WHAT THIS TASK INVOLVES: The data below holds a line containing "1990s (style)1girlbraceletbraidbrown hairchina" and a line containing "Mmmh, tal vez"; please quote exactly those two lines and every line between them, and nothing else.

SOURCE MATERIAL:
---*---

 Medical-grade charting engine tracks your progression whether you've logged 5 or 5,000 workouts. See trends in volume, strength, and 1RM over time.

---*---

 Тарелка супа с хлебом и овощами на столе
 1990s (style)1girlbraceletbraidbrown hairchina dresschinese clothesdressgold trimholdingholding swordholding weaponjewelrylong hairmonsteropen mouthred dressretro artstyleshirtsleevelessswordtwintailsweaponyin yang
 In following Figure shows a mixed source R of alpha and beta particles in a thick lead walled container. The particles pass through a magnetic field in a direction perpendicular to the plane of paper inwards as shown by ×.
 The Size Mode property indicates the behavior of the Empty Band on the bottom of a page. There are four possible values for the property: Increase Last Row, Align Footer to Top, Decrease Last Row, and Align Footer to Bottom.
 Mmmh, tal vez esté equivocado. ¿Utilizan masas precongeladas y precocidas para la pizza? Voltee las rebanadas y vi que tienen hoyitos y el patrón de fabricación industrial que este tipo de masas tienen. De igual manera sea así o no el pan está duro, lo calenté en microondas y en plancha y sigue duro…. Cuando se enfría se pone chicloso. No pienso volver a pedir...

---*---

OUTPUT:
 1990s (style)1girlbraceletbraidbrown hairchina dresschinese clothesdressgold trimholdingholding swordholding weaponjewelrylong hairmonsteropen mouthred dressretro artstyleshirtsleevelessswordtwintailsweaponyin yang
 In following Figure shows a mixed source R of alpha and beta particles in a thick lead walled container. The particles pass through a magnetic field in a direction perpendicular to the plane of paper inwards as shown by ×.
 The Size Mode property indicates the behavior of the Empty Band on the bottom of a page. There are four possible values for the property: Increase Last Row, Align Footer to Top, Decrease Last Row, and Align Footer to Bottom.
 Mmmh, tal vez esté equivocado. ¿Utilizan masas precongeladas y precocidas para la pizza? Voltee las rebanadas y vi que tienen hoyitos y el patrón de fabricación industrial que este tipo de masas tienen. De igual manera sea así o no el pan está duro, lo calenté en microondas y en plancha y sigue duro…. Cuando se enfría se pone chicloso. No pienso volver a pedir...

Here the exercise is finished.